The second course was a Roast Pork Shoulder, Ras El Hanout, Pomegranate and Fresh Pasta served with McChouffe. McChouffe is Chris’ homage to a Scottish friend and is a Belgian spin on a Scottish ale. It is a strong dark ale, and it was Mike and Beth’s favorite beer of the night. The Pork shoulder was tender and delightful. Ras El Hanout is a popular Arabic blend of spices. Literally it means “top of the shop” and is a blend of the best a spice vendor has to offer. As is common, this one contained cinnamon, clove and coriander plus other tastes we couldn’t quite identify. The pomegranate seeds provided a tart, and crunchy, accent that was really delightful. We’d never thought of cooking with pomegranate seeds, and we’re filing that away for future reference The dark beer really balanced the Ras El Hanout spices for a wonderful combination. The pasta was a bit thicker, and thus tougher, than most fresh pastas. Still, it tasted wonderful, especially with the roast pork drippings on it.
The third course was Orange Peel Beef, served with Chinese long beans and Jasmine rice. The beer was more of the Houblon Chouffe, a Dobbelen IPA Tripel, we’d enjoyed as a warm up beer. The beef had a crisp glaze with a strong taste of orange peel.
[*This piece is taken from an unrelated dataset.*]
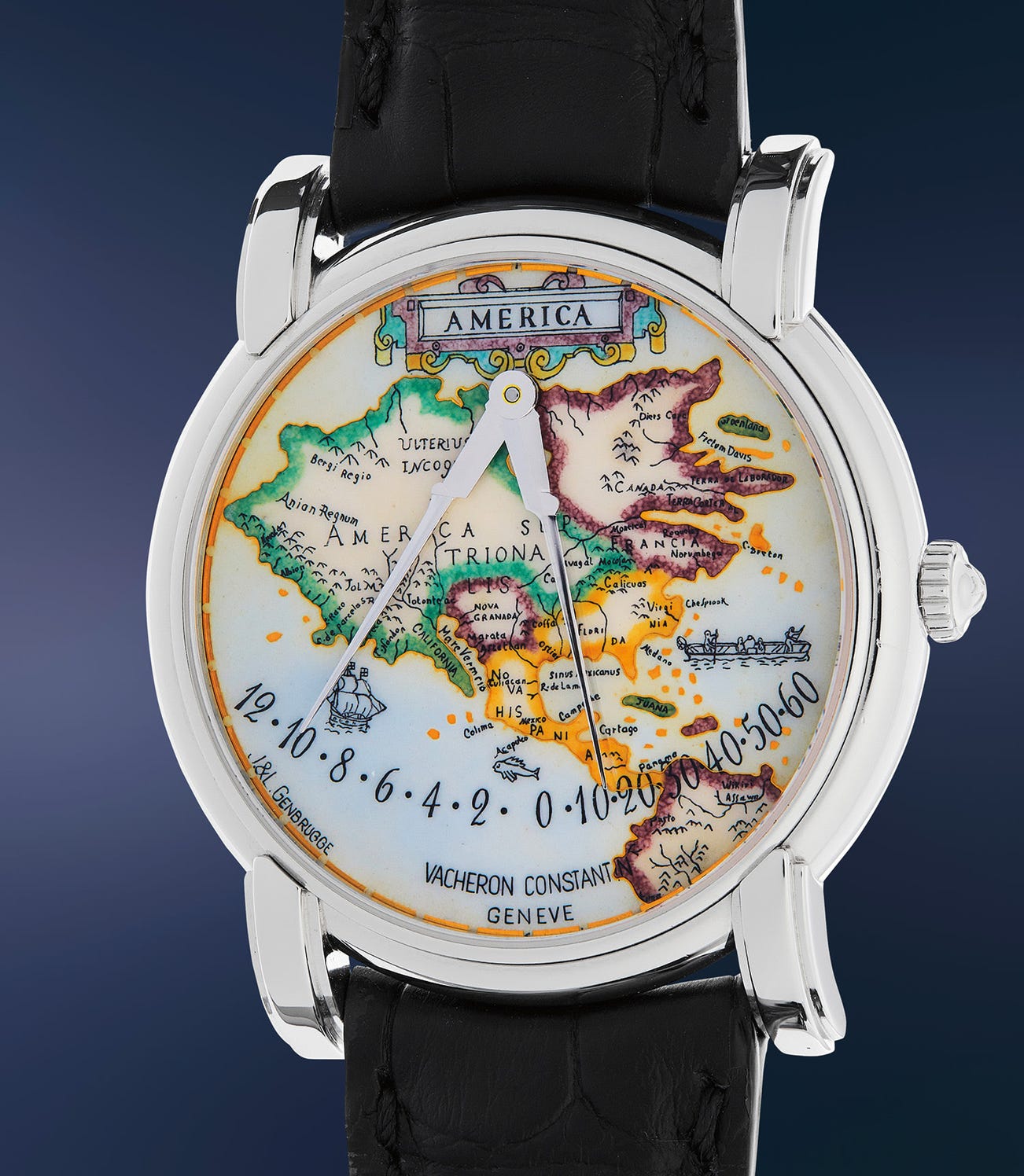Vacheron Constantin’s uniquely designed Mercator wristwatch was released in 1994 for the 400th anniversary of the scholar’s death and pays homage to him through its unique and painstaking design. The retrograde hour and minute indicators resemble the legs of a handheld compass, while the stunning cloisonné enamel dial of the “Americas” is rendered from his map dating to circa 1623. The dial – and indeed, the concept for the watch itself - is the work of Belgian master enamellers Lucie and Jean Genbrugge, who specialize in making ultra-thin miniature paintings on enamel. The dials were made in either yellow or white gold and then filled with enamel. Research shows that fewer fully enameled pieces were made for the western hemisphere than the eastern hemisphere. In 1996, the dial would win “Best Dial” at Baselworld.

It was intoxicating and it paired very well with the Houblon Chouffe! We enjoyed all the savory courses, but this is the one that really wowed us! The beef was tender and flavorful, with deep, rich earthy tastes that played off the crisp, citrus layer. The Chinese Long Beans were remarkable more for their length than their taste. They are essentially green beans so long they could have coiled all the way around the plate. While there was nothing wrong with them, they didn’t call to us. (On the other hand, the next time we go to Super-H, we’ll get some and see what we can do with them.) The Jasmine rice was, well, Jasmine rice. I didn’t notice that Chad had done anything special to the Jasmine rice, but the best thing you can do with Jasmine rice is not get in the way of its natural flavors and he was wise enough to do that. The flower garnish was delightful! We really liked the plating on all the courses. We didn’t eat our flowers because we weren’t quite sure if they were edible. They lookedgood enough to eat.
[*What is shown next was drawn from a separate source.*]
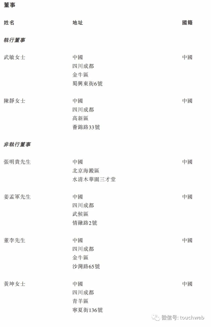 执行董事武敏女士、陈静女士;非执行董事为张明贵、姜孟军、董李、黄坤女士;独立非执行董事为曹麒麟、殷立基、李正国。
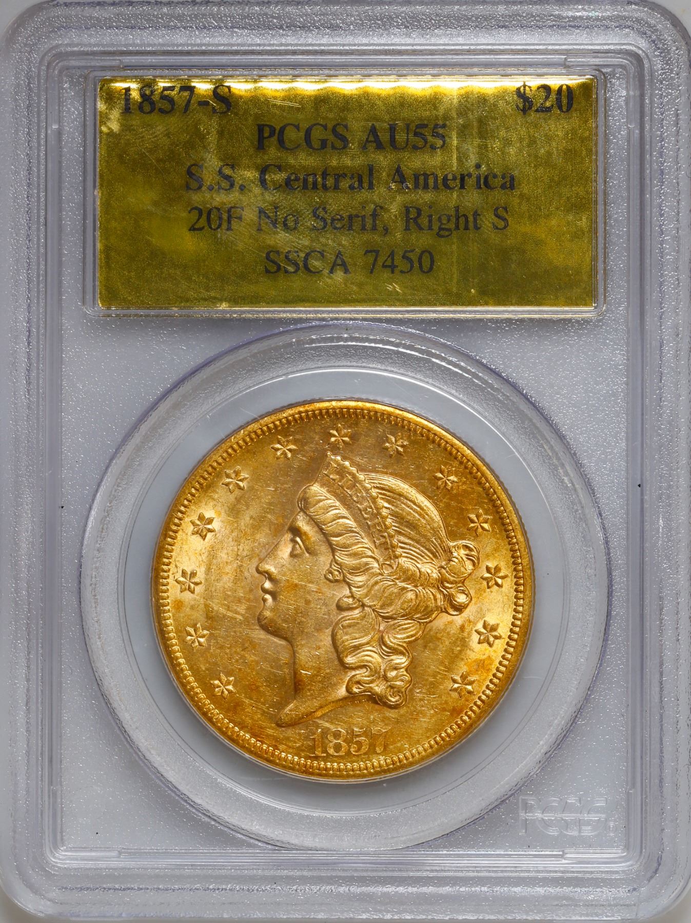 UNITED STATES, San Francisco mint, gold Coronet Liberty Head double eagle ($20), 1857-S, PCGS AU55 (SS Central America Shipwreck Gold Foil Label). KM-74.1. A very beautiful shipwreck piece that bears only the lightest of surface friction to denote any pre-sinking handling while retaining the bright mint luster and sharp details one might expect from a coin fresh out of the mint. Rich golden toning is prevalent along the edges and in some spots across and around Liberty. Recovered from: S.S. Central America, sunk in 1857 off North Carolina

The final course was a Mignardise course. This consisted of a cranberry bread or rice pudding with a crisp brown sugar accent in it, a lovely brownie on a bed of nuts, and two petit fours that had a mint and chocolate interior with a lovely sweet shell. This was paired with some freshly made French Press coffee from Oak Cliff Roasters (we’ve had their coffee before, and it is excellent!) and a snifter of Brasserie D’Achouffe’s Chouffe Coffee with a dollop of whipped cream on top. This is a coffee liqueur made from their Esprit d’Achouffe, an eau de vie distilled from 5 year old La Chouffe beer. The taste, and balance, of this coffee liqueur redefined coffee liqueurs for us. Dark? Yes! Rich? Oh, YES! Sweet? Definitely, but not too sweet. Coffee? Oh, lord YES! The complexity and layers of flavor were light years beyond Kahlua. The deserts were wonderful and under other circumstances we’d rave about them. The coffee was wonderful, and usually we’d carry on about what a treasure Oak Cliff Roasters is. But in this course, the star attraction was, hands down, the Chouffe Coffee. We’ve seen it on line for $40.00 a bottle. We’re looking for someone who carries it locally.
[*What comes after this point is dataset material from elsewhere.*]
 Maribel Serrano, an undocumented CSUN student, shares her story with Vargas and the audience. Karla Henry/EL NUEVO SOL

Pulling this discussion back around to the Moth, if there was a down side, it was the noise levels at the Moth made it hard to hear Chris. By the fourth course, he had pretty much given up trying to speak over the crowd. A lapel mike and speaker might have helped him a lot. But what really counted – the service, food, drink and atmosphere – were wonderful, and at $65 a head, tax and gratuity included, it rocked!
Yeah, we like the Moth. Too bad it’s 50 miles from home.